This phenomenon is specific to model fitting. Both “BONe DLPred” and “BONe IoU” perform inference and metric computation using algorithms that do not rely on randomness, GPU nondeterministic kernels, or parallel-reduction shortcuts known to introduce cross-platform variation (e.g., Chen et al., 2022; Gundersen et al., 2022; Heumos et al., 2023). As a result, these components produce exact, bitwise-identical outputs across repeated runs, and any observed differences in VRAM usage or wall time reflect hardware characteristics rather than algorithmic nondeterminism. Across experiments, segmentation outputs remained identical, and the shorter wall times observed in Linux likely reflect differences in GPU scheduling and background process management rather than BONe-specific behavior (Table 5). In summary, although “BONe DLFit” exhibits the well-documented sensitivity of deep learning training pipelines to underlying computational environments, the overall BONe workflow remains reliable and robust across different laboratory settings and is strictly reproducible under controlled ones.
The results also inform several directions for future development of the BONe software. The need to support both new and experienced users motivates the creation of two complementary interfaces.

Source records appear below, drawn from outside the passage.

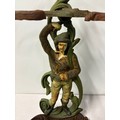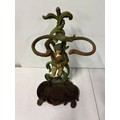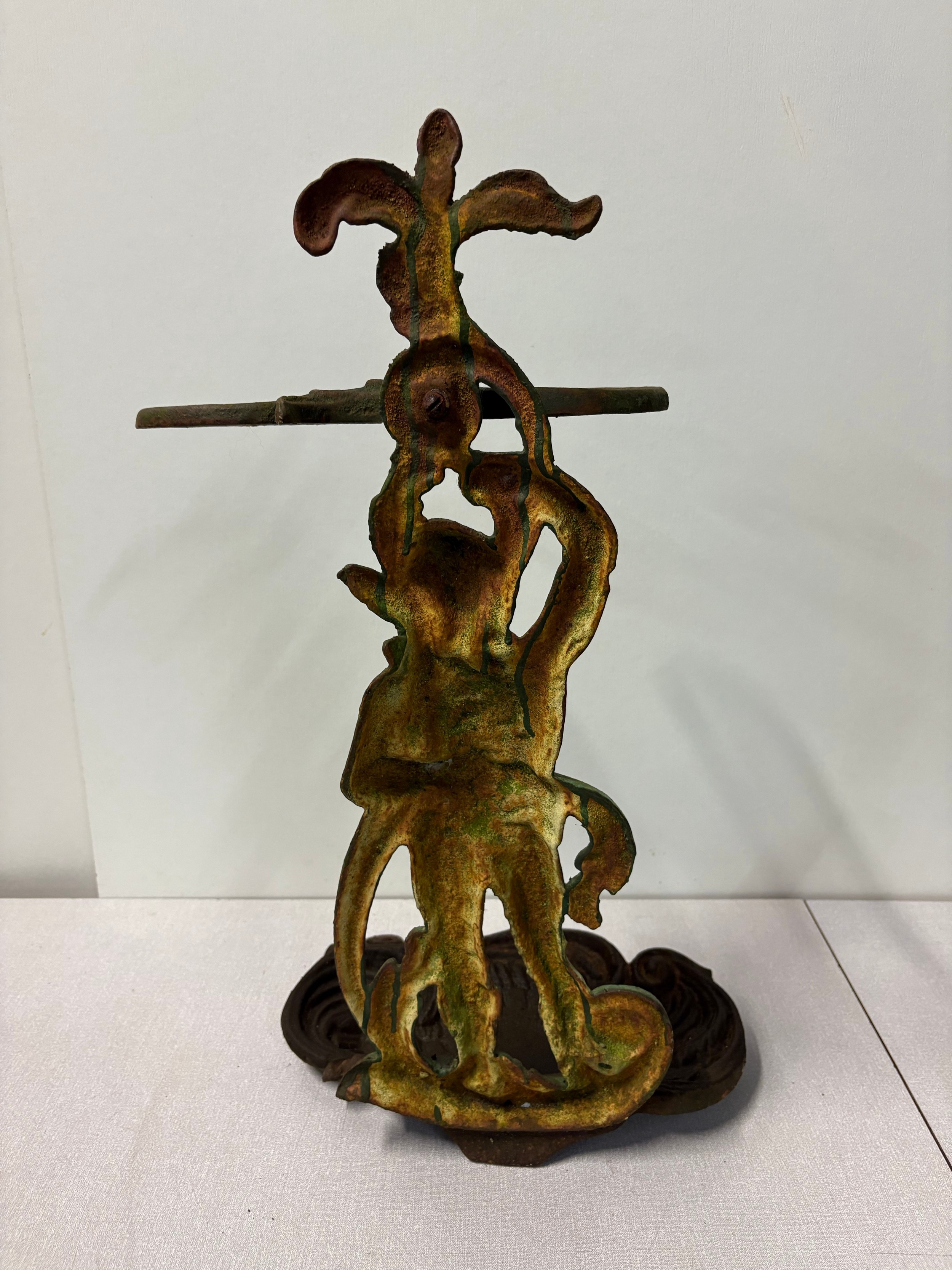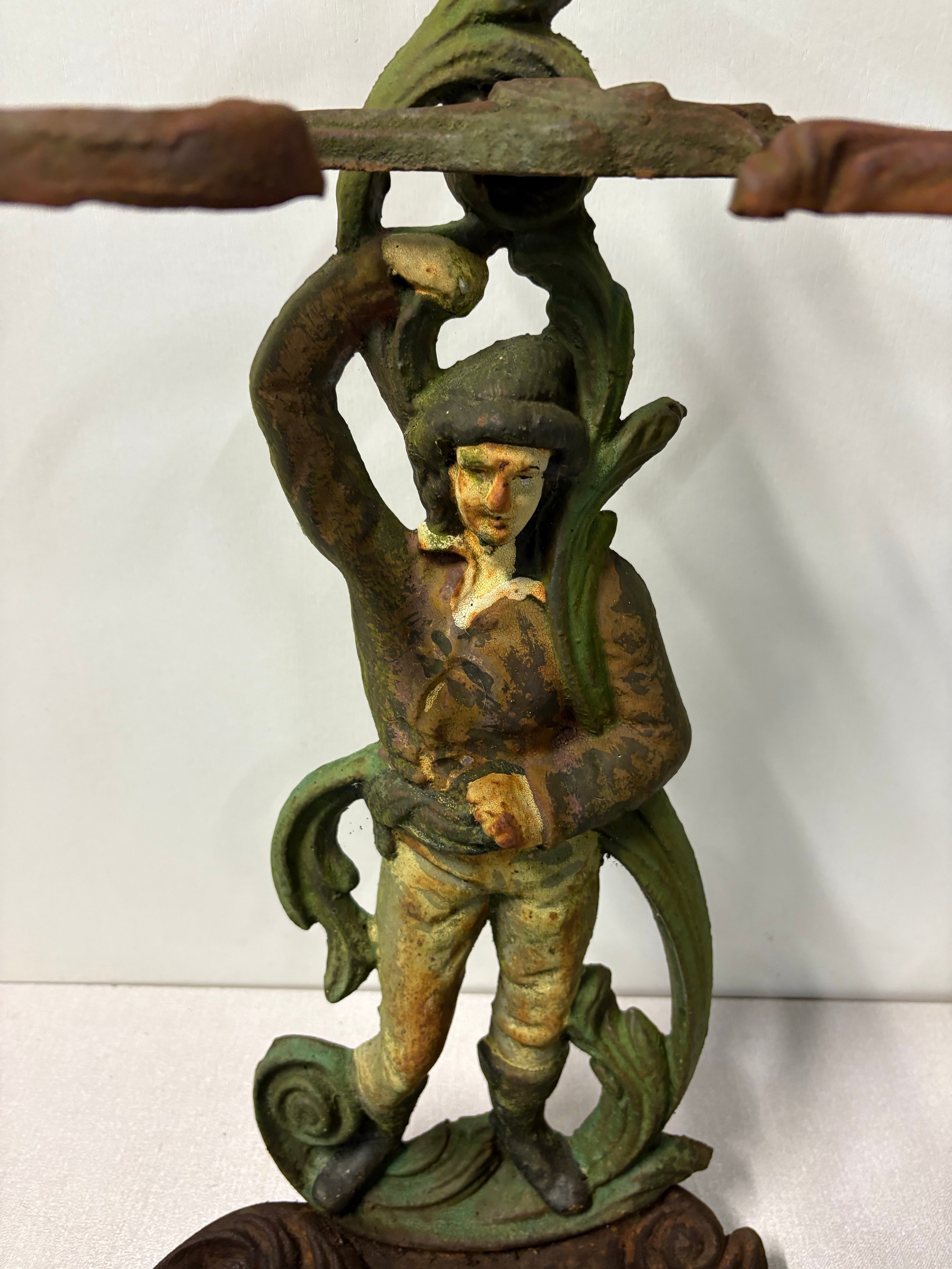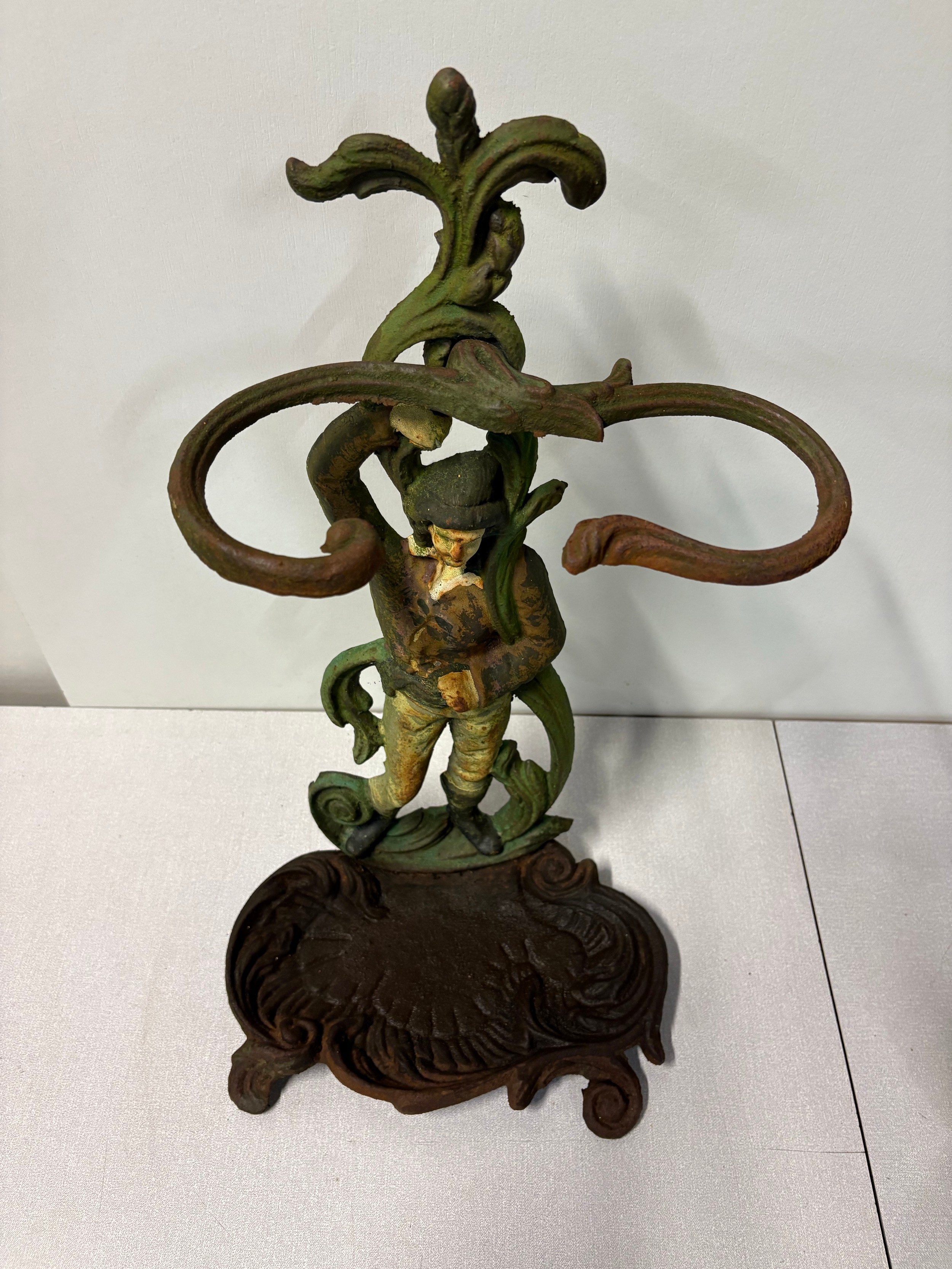 Vintage art nouveau painted cast iron figural umbrella/stick stand, 22" tall.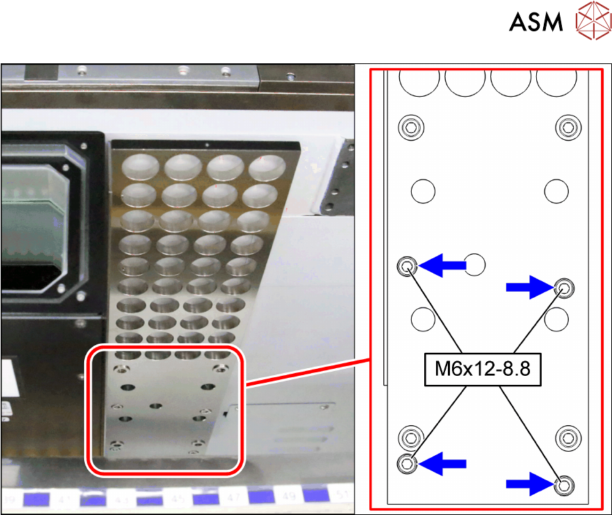 ► Mount the support plate complete [03112717‑xx] onto the machine frame as shown with four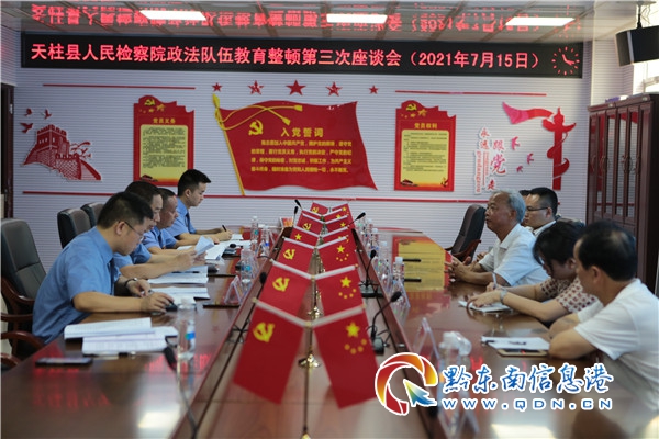 本網訊 根據政法隊伍教育整頓要求,堅持開門搞教育整頓,做到讓人民群眾參與、受人民群眾監督、由人民群眾評判。2021年7月15日上午,天柱縣人民檢察院在西樓四樓會議室召開政法隊伍教育整頓第三次座談會,人大代表、政協委員、企業家代表、律師代表、人民監督員和本院班子成員參加座談會。

Although the current design philosophy is to limit the number of exposed hyperparameters, the interface can still be intimidating for beginners. An “Easy Mode” that automatically applies tested model settings and conservative defaults will help new users obtain strong results without navigating extensive configuration options. An “Advanced Mode” will expose even more parameters (e.g., model architecture, backbone, optimizer, scheduler, and augmentation settings) to better support exploratory or highly customized studies. The addition of customizable augmentation pipelines will allow users to tune image transforms and probabilities based on the variability and scale of their datasets. Expanding the set of available loss functions may help with datasets containing more complex segmentation classes. For example, a recent survey highlighted the robustness of the Focal Tversky loss function for segmentation tasks involving class imbalance or subtle boundaries (Azad et al., 2023). Additional optimizers and learning rate scheduling options may provide flexibility to tackle a broader range of segmentation tasks. Stochastic Gradient Descent (SGD) with momentum is an alternative optimizer that remains widely used in biomedical image segmentation because it often provides strong generalization and stable convergence when paired with an appropriate learning rate schedule (Nagendram et al., 2023). AdamW is another popular choice because it handles weight decay separately from gradient update and can reduce overfitting (Loshchilov and Hutter, 2019). Offering a multi-cycle option for cosine annealing (Loshchilov and Hutter, 2017) may support better exploration of the loss landscape.
The model fitting workloads indicate that our current multi-GPU implementation is limited by inter-GPU communication overhead. PyTorch’s “DataParallel” library offers a convenient mechanism for distributing batches across devices, but it centralizes gradient aggregation on a single GPU (PyTorch Contributors, 2025). This creates a communication bottleneck that caps scaling efficiency, which is evident in the reduced utilization observed in dual-GPU runs (Table 4). Transitioning to PyTorch’s Distributed Data Parallel (DDP), which distributes gradient synchronization across all GPUs (e.g., Aach et al., 2023), is expected to yield substantially better multi-GPU speedups. These gains matter most for model fitting because prediction workloads showed only minor improvements with two GPUs. Prediction involves only forward passes and lacks the gradient synchronization, so the overhead of splitting inputs and aggregating outputs across devices largely offsets any potential gains (Table 5). For this reason, efforts to integrate DDP will focus on improving fitting performance, where multi-GPU scaling has the greatest impact on wall time.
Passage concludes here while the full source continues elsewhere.